In a move clearly designed to put Dell's blade server launch into perspective, the company that kick-started this whole industry sector chose Friday to launch its sixth-generation blade, the SB6400
Written by Matt Loney, Contributor
RLX Technologies, a relatively small server vendor which pioneered the development of blade server technology, has recently updated its blades with dual 64-bit Xeon chips. Like Dell's new blade server, the RLX 610e chassis squeezes 10 blades into a 7U-high chassis.

To differentiate itself, RLX marketing will rely heavily on its experience and the fact that it is now on the sixth generation of its hardware and its management software.

"What distinguishes us?" said Tejas Vakil, vice-president of marketing at RLX. "We have done a lot of work on thermals, our only moving parts on the blades are the disk drives, and these are positioned on the cool side of the heatsink. IBM and HP put theirs on the warm side."

RLX's Control Tower 6G management software can monitor up to 1,000 nodes, re-provisioning servers on the fly by automatically creating new disk images of an operating system and application when it's required, said Vakil. Monitoring, he said, has been extended to layer seven of the network "so we can track the performance of applications, and use that as a proxy indicator of server performance if need be".

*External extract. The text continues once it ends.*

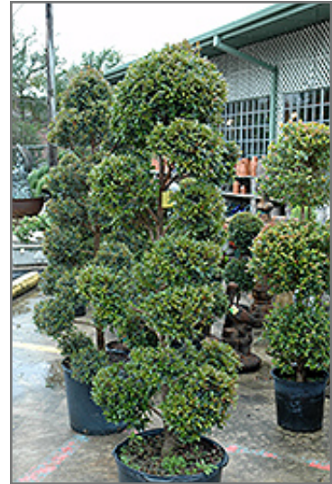
Brush Cherry

Brush Cherry is recommended for the following landscape applications;

On the new blades, RLX has added dual-channel DDR-2 memory, an 800MHz frontside bus and PCI Express support, and the blades have high-speed Infiniband and Fibre Channel ports on board for high-performance storage and clustering.

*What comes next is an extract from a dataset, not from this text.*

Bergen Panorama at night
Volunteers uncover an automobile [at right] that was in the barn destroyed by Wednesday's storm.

The company also launched two 1U high rack-mounted servers; the entry-level RM1100 with single processor, up to 4GB of memory and two SATA disk drives; and the RM1400 which comes with dual Xeon EM64T processors, up to four SCSI disk drives and 8GB of memory. Both rack-mount servers are supplied with RLX's Intelligent Management Kit, which allows them to be fully managed by the company's Control Tower 6G management software. This means they can, for instance, take advantage of feature such as dynamic provisioning, in which applications are rolled out to more servers as their workload increases, said Vakil.

The RLX SB6400 blades and RM1400 rack-mount servers are shipping now, said Vakil, and the RM1100 is due to ship in December. Prices are set at $2,700 for the SB6400, $1,700 for the RM1400 and $1,300 for the RM1100.

Daniel Fleischer, a senior research analyst at IDC, said RLX remains a serious contender in the market.

"They are focused on blades and blade management so you can only fulfil a certain part of your infrastructure, but generally we see blades deployed to solve specific issues so this is not necessarily a bad thing."

Fleischer said RLX is also able to give a better customer experience than some large vendors.

"You will get much batter contact with them and enjoy a very close relationship. They have the time and ability to develop these close relationships, and they need good customer references if they are going to move out into enterprise world," said Fleischer.